■ **Problem**
The line that contains "Persil Géant d'Italie" marks the start. Please set it down, with every later line of the data, exactly and without pictures.

■ **Material for the task**
=-=-=

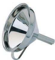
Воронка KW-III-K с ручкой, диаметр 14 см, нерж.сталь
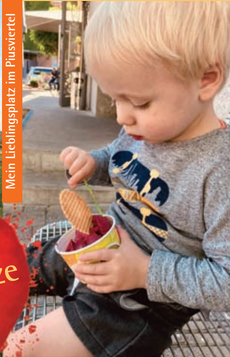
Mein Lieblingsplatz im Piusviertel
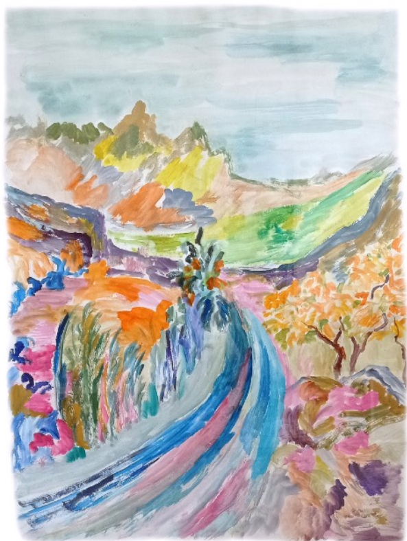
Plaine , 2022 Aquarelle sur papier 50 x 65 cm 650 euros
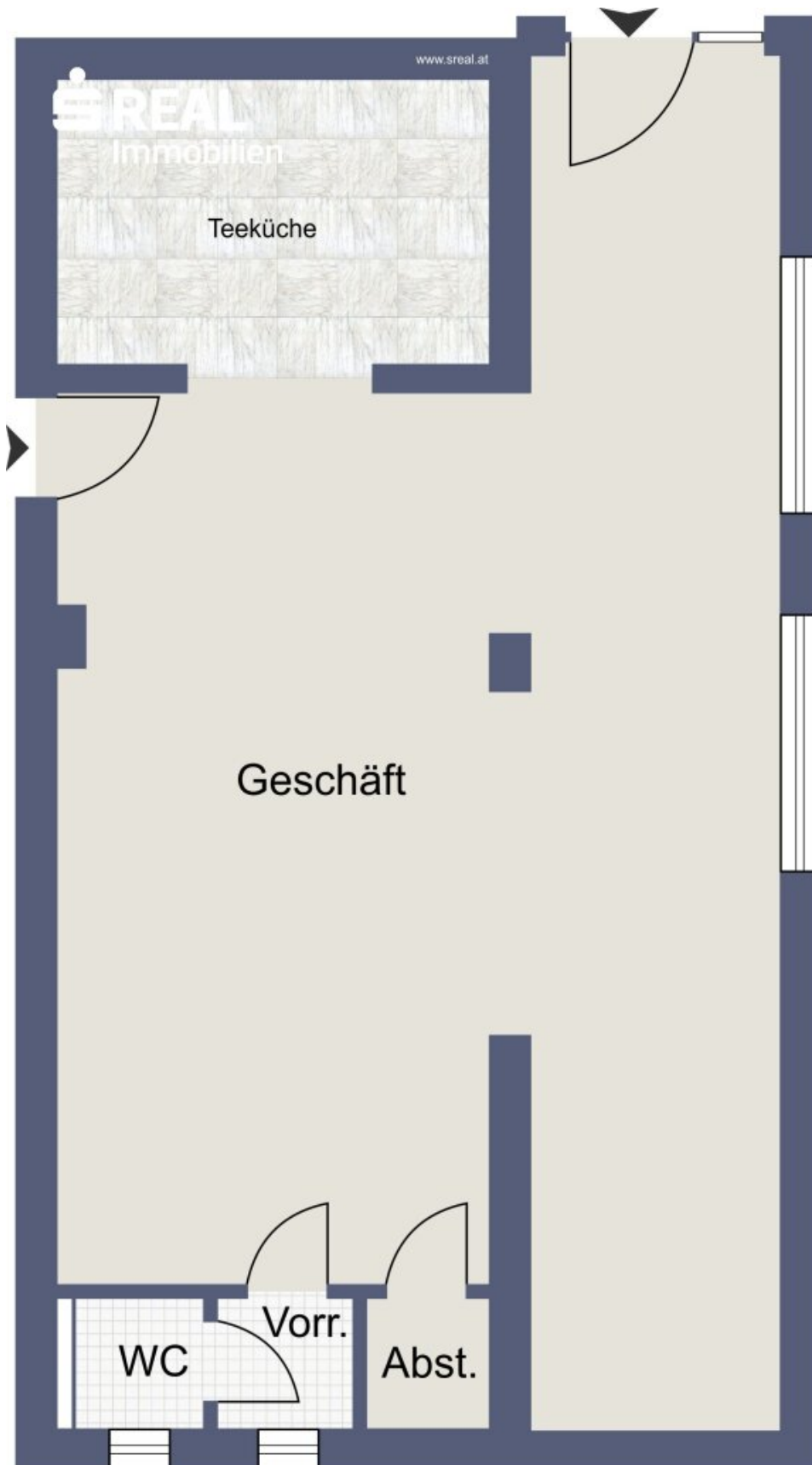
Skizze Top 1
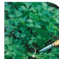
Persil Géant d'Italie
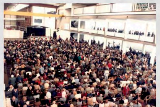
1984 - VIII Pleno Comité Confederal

=-=-=

■ **Response**
Persil Géant d'Italie
1984 - VIII Pleno Comité Confederal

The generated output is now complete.